You can plot realizations of the system using the following R script.

```
q_map<-function(r=1,x_o=runif(1,0,1),N=100,burn_in=0,...)
{
par(mfrow=c(2,1),mar=c(4,4,1,2),lwd=2)
############# Trace #############
x<-array(dim=N)
x[1]<-x_o
for(i in 2:N)
x[i]<-r*x[i-1]*(1-x[i-1])

plot(x[(burn_in+1):N],type='l',xlab='t',ylab='x',...)
#################################

x<-seq(from=0,to=1,length.out=100)
x_np1<-array(dim=100)
for(i in 1:length(x))
x_np1[i]<-r*x[i]*(1-x[i])

plot(x,x_np1,type='l',xlab=expression(x[t]),ylab=expression(x[t+1]))
abline(0,1)

start=x_o
vert=FALSE
lines(x=c(start,start),y=c(0,r*start*(1-start)) )
for(i in 1:(2*N))
{
if(vert)
{
lines(x=c(start,start),y=c(start,r*start*(1-start)) )
vert=FALSE
}
else
{
lines(x=c(start,
r*start*(1-start)),
y=c(r*start*(1-start),
r*start*(1-start)) )
vert=TRUE
start=r*start*(1-start)
}
}
#################################
}

```

To use, simply call the function with any value of r, and a starting position between 0 an 1.

```
q_map(r=3.84,x_o=0.4)

```

Fun right?

Now that you’ve tried a few different values of r at a few starting positions, it’s time to look a little closer at what ranges of r values produce chaotic behaviour, which result in stable orbits, and which lead to dampening oscillations toward fixed points.
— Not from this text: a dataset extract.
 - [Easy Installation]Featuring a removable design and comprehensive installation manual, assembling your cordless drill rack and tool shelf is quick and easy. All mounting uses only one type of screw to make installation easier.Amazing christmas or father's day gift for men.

There is a rigorous mathematics behind this kind of analysis of dynamic systems, but we’re just going to do some numerical experimentation using trusty R and a bit of cpu time.
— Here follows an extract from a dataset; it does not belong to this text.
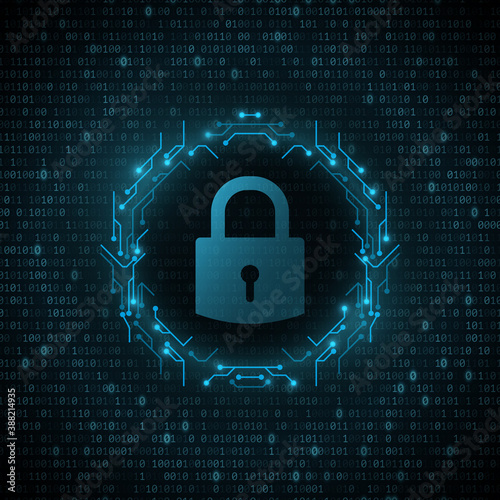 Lock icon in frame of circuit computer board with glowing binary code background. System security and protection from hackers. Programming design. Futuristic banner. Vector illustration

To do this, we’ll need to iterate across a range of r values, and at each one start a dynamical system with a random starting point (told you there would be some randomness in this post). After some large number of time-steps, we’ll record where the system ended up. Plotting the results, we can see a series of period doubling (2,4,8, etc) bifurcations interspersed with regions of chaotic behaviour.

```library(parallel)
bifurcation<-function(from=3,to=4,res=500,
x_o=runif(1,0,1),N=500,reps=500,cores=4)
{
r_s<-seq(from=from,to=to,length.out=res)
r<-numeric(res*reps)
for(i in 1:res)
r[((i-1)*reps+1):(i*reps)]<-r_s[i]

x<-array(dim=N)

iterate<-mclapply(1:(res*reps),
mc.cores=cores,
function(k){
x[1]<-runif(1,0,1)
for(i in 2:N)
x[i]<-r[k]*x[i-1]*(1-x[i-1])

return(x[N])
})

plot(r,iterate,pch=15,cex=0.1)

return(cbind(r,iterate))
}

#warning: Even in parallel with 4 cores, this is by no means fast code!
bi<-bifurcation()
png('chaos.png',width=1000,height=850)
par(bg='black',col='green',col.main='green',cex=1)
plot(bi,col='green',xlab='R',ylab='n --> inf',main='',pch=15,cex=0.2)
dev.off()

```

This plot is known as a bifurcation diagram and is likely a familiar sight.

Hopefully working through the R code and running it yourself will help you interpret cobweb plots, as well as bifurcation diagrams. It is really quite amazing how the simple looking logistic map equation can lead to such interesting behaviour.